I appreciate the way Code identifies the importance of multiculturalism
and the post-colonial in her life project. In this I recognise a shared
affinity with my own social justice interest. I can appreciatively engage
with the way that Code is placing the 'post' of postcolonial into her
epistemological representation of ecofeminism. As diaspora Briton, I
really value and feel respected by Code's phrase, 'the burdens and
blessings of identity'. For me, given my personal and social history, I
feel Code emphasizes the inclusional here. Is inclusion a virtue?

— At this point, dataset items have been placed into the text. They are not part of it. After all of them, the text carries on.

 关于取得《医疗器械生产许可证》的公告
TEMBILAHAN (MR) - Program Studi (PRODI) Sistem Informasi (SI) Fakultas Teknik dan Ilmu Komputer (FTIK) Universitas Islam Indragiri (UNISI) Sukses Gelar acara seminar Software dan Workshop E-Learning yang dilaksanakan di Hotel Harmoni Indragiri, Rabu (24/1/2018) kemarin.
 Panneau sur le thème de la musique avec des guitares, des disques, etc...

Above al, I value the way that Code acknowledges the 'post-colonial'
condition, and doesn't 'deny' it. Isntead she places it at the epi-
(stemic)-center of the joint and interlinking project that Code is
undertaking.
As an educator/teacher I hope that my virtue of intellectual courage is
demonstrated by my perseverance in inviting Action Researchers and
practising teachers to consider, think, and problematise the 'vice of
whiteness' (it cannot be a virtue after all, surely, even if white
supremacists suggest that it is?) and how they can think about
emancipating their pedagogic space from this kind of monoculturalism
(after Ted Lumley, email exchange, 16th July, 2005).
I would really love to understand how you take account of whiteness in
your own classrooms, and how you qualitatively 'imagine' its impact on
your black and brown students, your minority ethnic students, and of
course, most importantly of al, for your white students. Knowing
something of your practice, to have an epistemic glimpse into your
practical reasoning in this matter, as an RE teacher as well, would be
fabulous.
I appreciatively engage with the way Code brings her voice of legitimation
to her chosen social justice focus of multiculturalism and post-colonial
within her epistemic project. I think this shows rigour, and openness to
oppression, such as the state violence of racism in the UK.

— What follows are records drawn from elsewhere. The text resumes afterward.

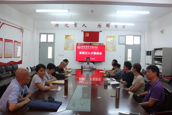 为更好地推进党史学习教育,落实“我为师生办实事”,全面了解外国语学院高层次人才的意见和建议,充分调动学院高层次人才工作的积极性和主动性,进一步增强学院高层次人才管理的针对性和实效性,6月29日,外国语学院在党员活动室开展“我为师生办实事” 暨“院长有约”第三期座谈会。座谈会由外国语学院党委书记、院长刘华东主持,外国语学院副书记胡小刚、副院长张莉和所有高层次人才参加。
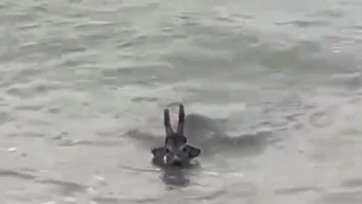 Denize düşen karacayı vatandaşlar kurtardı
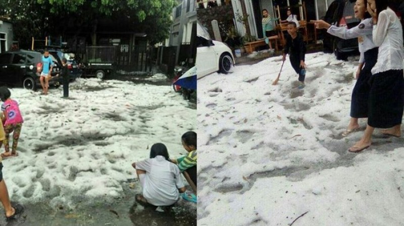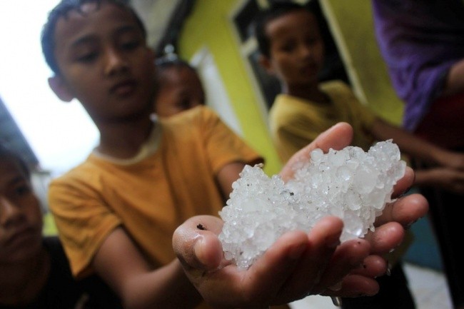 Tapi hal yang berbeda terjadi baru-baru ini, beberapa daerah di Indonesia diguyur hujan es, yang bikin kawasannya seperti tertutup salju. Tentu saja hal ini bikin heboh masyarakat, bukannya masuk rumah biar nggak kedinginan, mereka malah asyik bermain dengan ‘salju’.
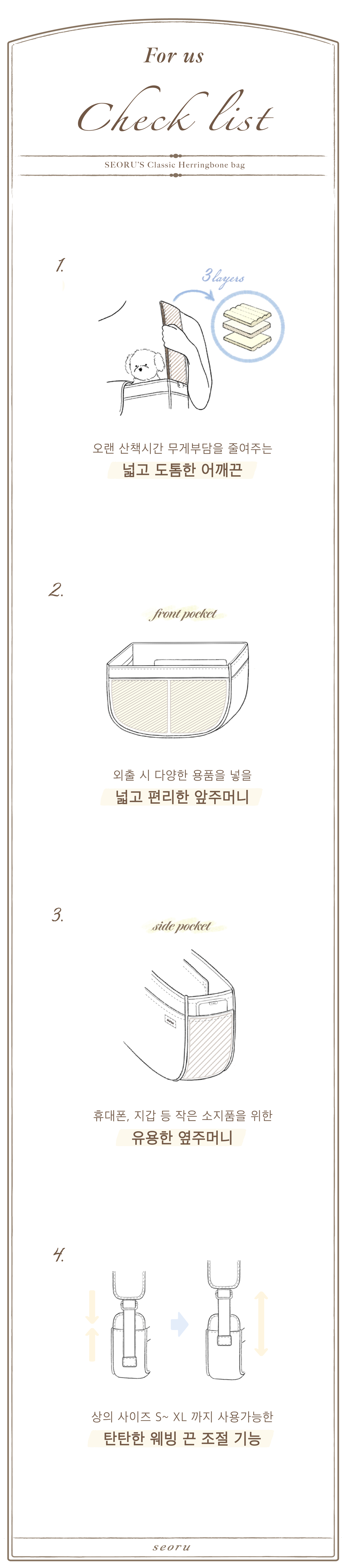 ✔︎서루의 시그니쳐 상품인 헤링본펫백은 앞,뒷면과 어깨끈 부분의 스폰지 보강재 추가로 리뉴얼되었습니다. 리뉴얼로 인해 더욱 탄탄하고 폭신한 사용감을 느끼실 수 있습니다.
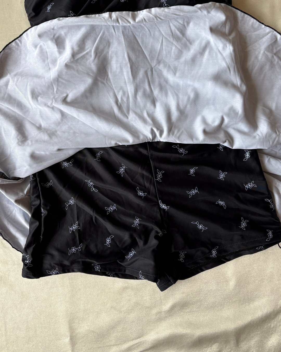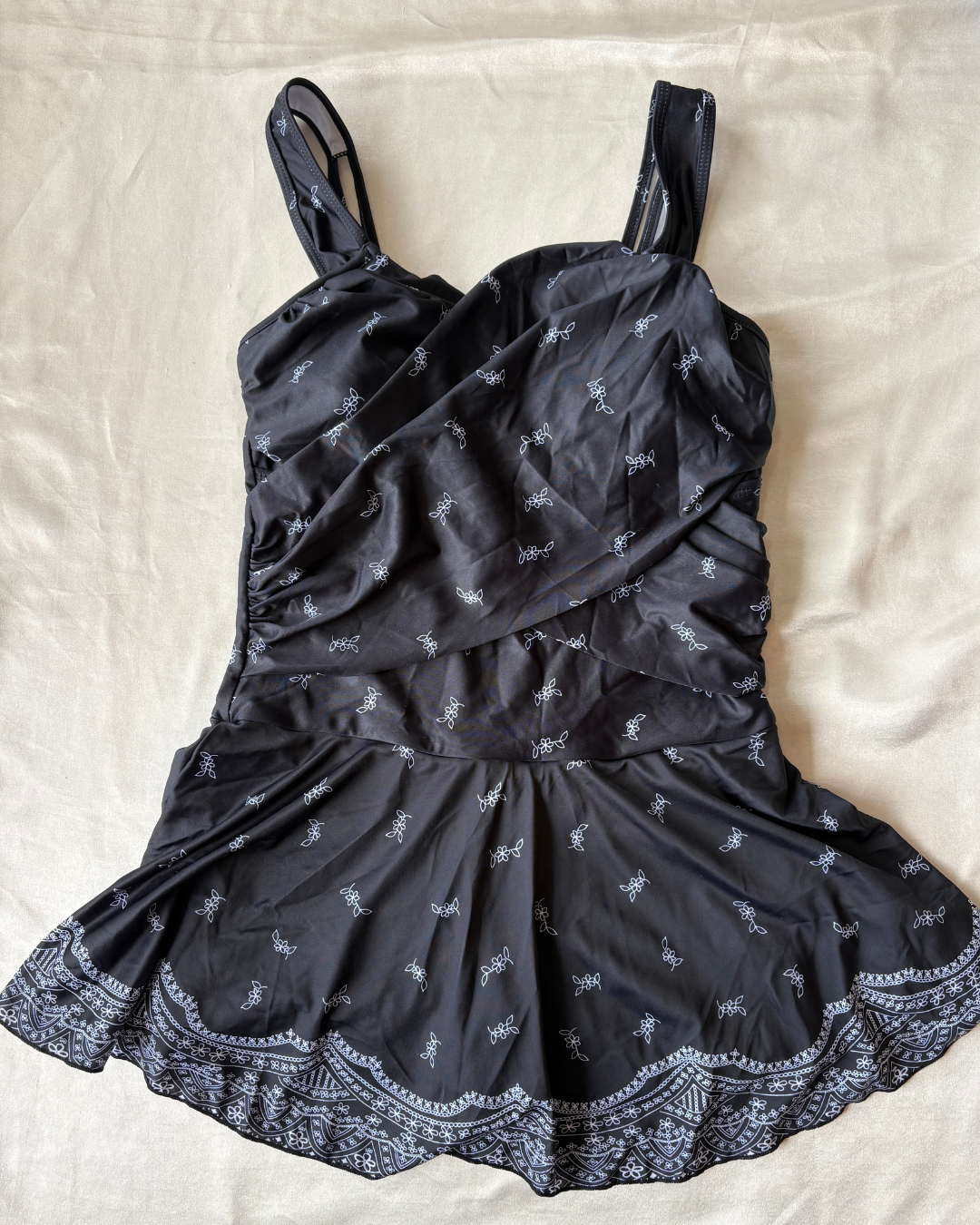 Traje completo con copas , falda-short y con un estampado único.

In doing this, I believe Code demonstrates three virtues in ways that I
fiond credible and consistent, yet open to the emergent and tentative in
human enquiry,
- the virtue of impartiality, the personality trait of openness to the
ideas of others
-the virtue of intellectual sobriety, a quality or virtue I lack,
deplorably, and it is characterised as an opposition to the excitement and
rashness of being overly enthusiastic
-the virtue of courage, to conceive of and examine alternatives to popular
ideas, perseverance in the face of opposition, and determination to see an
inquiry through to the end....
Taken together I think Code provides strong evidence of her virtues of the
intellect, and of context (i.e. social justice).
Maybe I'm mistaken in this reading, Nigel?
Hope you and Chris are able to get into a dialogue.